# Too confused



## bravo99 (Mar 2, 2010)

I'll apologize now for the length, I need to vent. I don't know what anyone could say to help me. I don't think there is anything.

My husband has lied to me so many times over 26 years I can't count. Of course that goes with cheating.
I used to think that I couldn't think about how much better it wouldv'e been if I'd left him when we had one child because the other 3 wouldn't be here. 
Now I know it wouldv'e been better for them to have different parents. 

I'm so depressed I sleep because of sleeping pills, I can't eat....not that that's bad as I put on weight in my denial of thinking things were good the past few years.
I don't understand why people lie and cheat. I keep a nice home. I raise our children and do most everything.
I've always fully supported him in his pursuit of education and career.

Sex has always been great, I've been open to all he wants to try and its often. ...often enough that the wives of friends would complain that there husbands would bring up...'but they're doing it this often'... I didn't realize guys talked about it.
I try to remember to let him know that I appreciate him and do little things to show him. Dinner he likes, notes etc.

When we got married all other thoughts left my mind about anything that would be detremental to us. We'd promised to be true and faithful. Why can't people keep to the promises? Why are they such scum. 

I don't understand what I've done wrong. There is no reason for us to be in this situation. He just called and said he got us an appointment with a counselor, (I requested) but I don't think it'll do any good.
I'm so stupid, I spent so much time devoted to him I have no options.

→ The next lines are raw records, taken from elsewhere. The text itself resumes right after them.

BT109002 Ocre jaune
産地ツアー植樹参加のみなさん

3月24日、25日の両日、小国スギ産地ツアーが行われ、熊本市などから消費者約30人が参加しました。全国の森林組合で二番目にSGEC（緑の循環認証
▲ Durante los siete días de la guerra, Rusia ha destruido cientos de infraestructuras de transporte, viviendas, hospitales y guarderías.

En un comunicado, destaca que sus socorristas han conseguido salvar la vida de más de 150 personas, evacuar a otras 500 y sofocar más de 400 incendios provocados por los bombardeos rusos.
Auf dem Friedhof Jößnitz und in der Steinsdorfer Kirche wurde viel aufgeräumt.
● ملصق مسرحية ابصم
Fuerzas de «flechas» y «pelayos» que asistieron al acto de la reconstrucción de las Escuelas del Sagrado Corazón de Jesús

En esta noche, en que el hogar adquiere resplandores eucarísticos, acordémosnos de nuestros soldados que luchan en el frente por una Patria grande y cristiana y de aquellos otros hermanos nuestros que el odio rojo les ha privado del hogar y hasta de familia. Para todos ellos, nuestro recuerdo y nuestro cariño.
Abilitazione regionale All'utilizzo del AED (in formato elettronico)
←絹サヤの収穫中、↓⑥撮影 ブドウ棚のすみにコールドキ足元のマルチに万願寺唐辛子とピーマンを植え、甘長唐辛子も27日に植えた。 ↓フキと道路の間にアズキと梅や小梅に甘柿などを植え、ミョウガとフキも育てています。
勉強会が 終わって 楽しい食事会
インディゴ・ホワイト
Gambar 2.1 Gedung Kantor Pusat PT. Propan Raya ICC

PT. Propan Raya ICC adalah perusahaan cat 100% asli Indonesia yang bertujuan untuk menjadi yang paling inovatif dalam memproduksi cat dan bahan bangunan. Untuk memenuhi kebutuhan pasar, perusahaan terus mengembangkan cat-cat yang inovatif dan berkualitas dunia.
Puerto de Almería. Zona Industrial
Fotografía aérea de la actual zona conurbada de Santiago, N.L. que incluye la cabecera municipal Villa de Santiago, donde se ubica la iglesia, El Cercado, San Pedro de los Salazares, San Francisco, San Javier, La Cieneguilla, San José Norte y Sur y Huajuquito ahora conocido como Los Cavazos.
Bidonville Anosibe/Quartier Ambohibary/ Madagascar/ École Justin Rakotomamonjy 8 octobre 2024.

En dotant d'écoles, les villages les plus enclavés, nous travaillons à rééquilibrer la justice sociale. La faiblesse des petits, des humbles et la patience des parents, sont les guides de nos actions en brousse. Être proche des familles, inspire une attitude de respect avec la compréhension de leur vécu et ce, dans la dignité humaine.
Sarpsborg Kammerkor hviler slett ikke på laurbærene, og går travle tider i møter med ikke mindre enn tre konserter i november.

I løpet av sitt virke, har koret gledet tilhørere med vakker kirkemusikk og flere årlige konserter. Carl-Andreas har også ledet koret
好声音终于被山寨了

I have no job skills, the job I knew is obsolete, gone to the way of modernization.
I tried to go back to school a couple of times but got no support and had to quit since he wouldn't be around for the kids.

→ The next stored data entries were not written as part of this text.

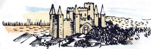
Eglise Abbatiale de SIMORRE
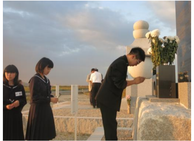
山元町中浜小学校の北側に建つ慰霊碑に手を合わせる生徒たち 中浜地区で犠牲になった住民 137 人の名前が刻まれています 鎮魂碑「千年の塔」も併設されています
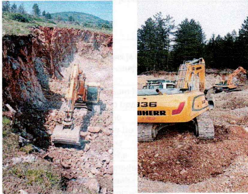
Слика 6. Припрема материјала за мљењење у позајмишту

У табели 10. дат је преглед утрошка горива за претходне радове.
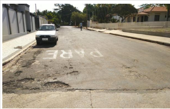
Trecho 10 - Rua Pará 20°43'58.4"S 49°35'02.0"W
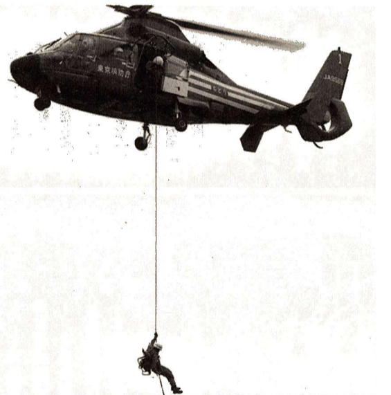
▲ヘリコプターによる流出家屋からの救助訓練 (平成3年の水防訓練から)

ご覧ください 大規模な水防演習 局地的な集中豪雨により多摩川が広範囲にはん濫し、人家などに危険が差し迫っているという想定で、地元の自主防災組織の方々と消防団員及び東京消防庁の誇る特殊水防小隊・消防ヘリなどによる大規模な水防演習を実施します。 実施機関 福生市・羽村市・瑞穂町・福生市消防団・羽村市消防団・瑞穂町消防団・自主防災組織・第九消防方面本部・福生消防署
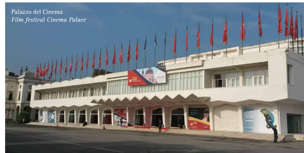
Palazzo del Cinema Film festival Cinema Palace
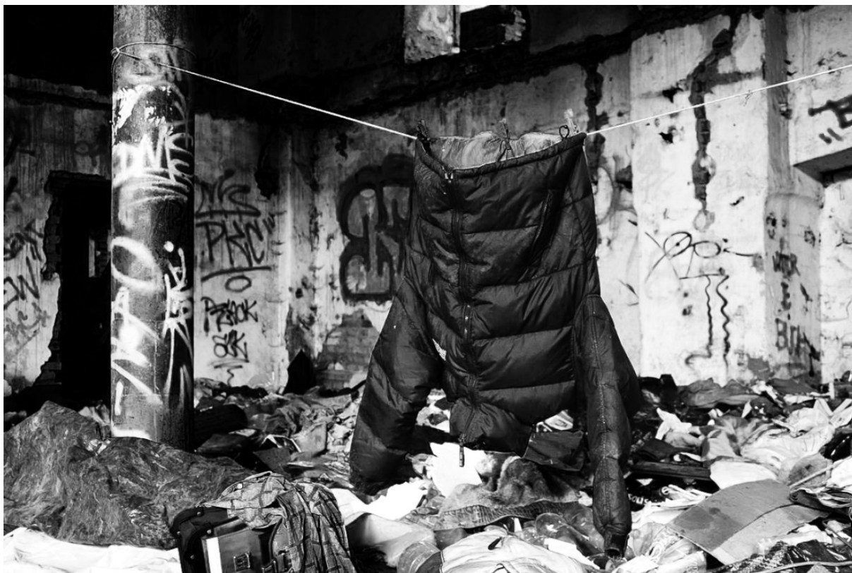
Fotografie č. 16: Sušení bundy v reziduálním prostoru cihelny.
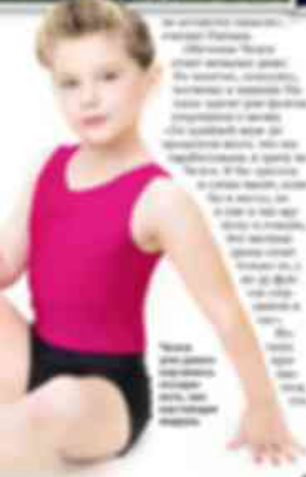
Дочь звезды «Секса в большом городе»

В интервью с журналом «Секс» звезда «Секса в большом городе» рассказала, что ее дочери очень любят наряжаться. Она сказала, что ее дочери очень любят наряжаться. Она сказала, что ее дочери очень любят наряжаться. Она сказала, что ее дочери очень любят наряжаться.
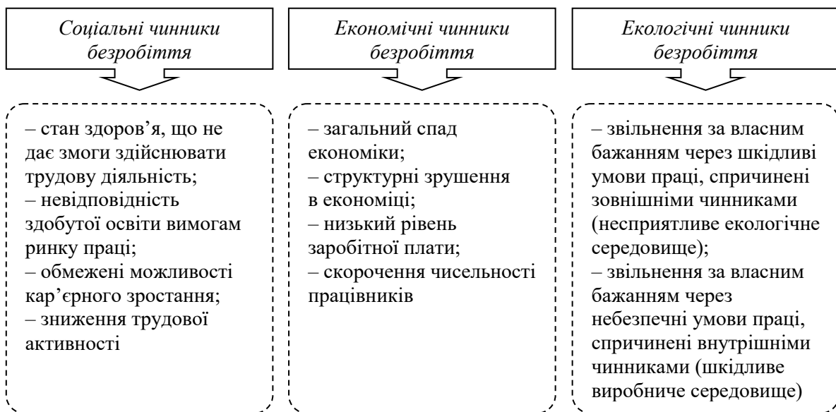
Рис. 5. Основні чинники формування безробіття

З'ясовано, що важливою умовою забезпечення зайнятості населення є формування системи соціального партнерства за участю: профспілок та організацій, що опікуються проблемами найманих працівників; працедавців, у тому числі керівництва державних підприємств і підприємців; органів місцевого самоврядування, котрі розробляють та реалізують політику зайнятості на відповідній території. Виділено три групи чинників формування безробіття: соціальні, економічні й екологічні (рис. 5).
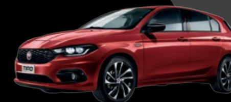
716 - ROUGE AMORE - MÉTALLISÉE
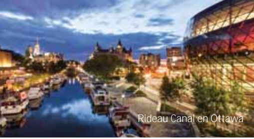
Rideau Canal en Ottawa
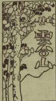
我住在第三招待所...
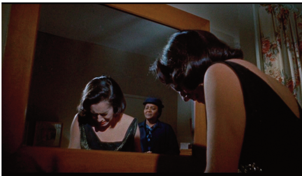
Lo specchio della vita , 1959, Douglas Sirk.
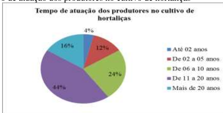
Figura 1 – Tempo de atuação dos produtores no cultivo de hortaliças

A tabela 1 exibe o número de integrantes da família (incluindo o produtor) que participam das atividades de produção e/ou comercialização de hortaliças no município de Porto Nacional. Identificou-se que 4% dos produtores não conta com a participação de nenhum membro da família para produzir/comercializar hortaliças, visto que conta apenas com 01 integrante, ou seja, ele mesmo, considerando que a pesquisa inclui a participação do próprio produtor. Por conseguinte, 12% dos produtores contam com 02 integrantes da família, 24% com 03 pessoas, 44%, maior percentual, com 04 membros e 16% dos produtores contam com a contribuição de 05 ou mais pessoas da família. Por outro, quando, indagado aos produtores se os descendentes da família demonstram interesse em permanecerem na atividade, 64% dos produtores responderam que não e 36% afirmaram que sim.
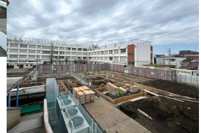
向原小学校(仮設校舎建設中)

向原小学校の建て替えについての詳細は、区公式ウェブサイト(右コード)をご覧ください。
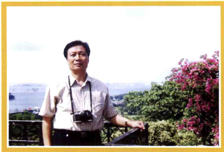
2001年12月，作者在新加坡
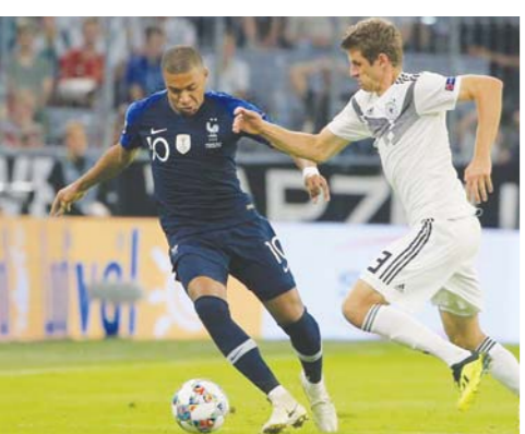
▲德国队球员穆勒(右)与法国队球员姆巴佩在比赛中拼抢。

I have no options. My kids would be better off with me dead than them having divorced parents and a mother in a shack on welfare.

My husband is succesful, he didn't finish high school but has since GED'd college and certifications. Maybe he's resentful now of my stupidness.

Should I just disappear? I know people can, it'd be just to hop a bus to nowhere and stay there.


----------



## Jenmssb (Mar 4, 2010)

I am so sorry you are having so many problems. I can really relate to a lot to what you said in my own situation. Sure doesn't sound like its a problem with you. He sounds very messed up. That lying thing... that has got to be very tough. I do know that you are VERY important and loved by your children. 

Great that you all have an appointment with a counselor! Take a deep breath and maybe there will be something there for you. Your counselor will probably want to meet with you individually as well which would probably be good. 

Hope to here how things are going. Take care.


----------



## bravo99 (Mar 2, 2010)

Thank you. I don't understand how people do it. I read what they're going through and handling it, I'm falling apart. I can't eat or sleep or think, yet my mind is racing with confusion.


----------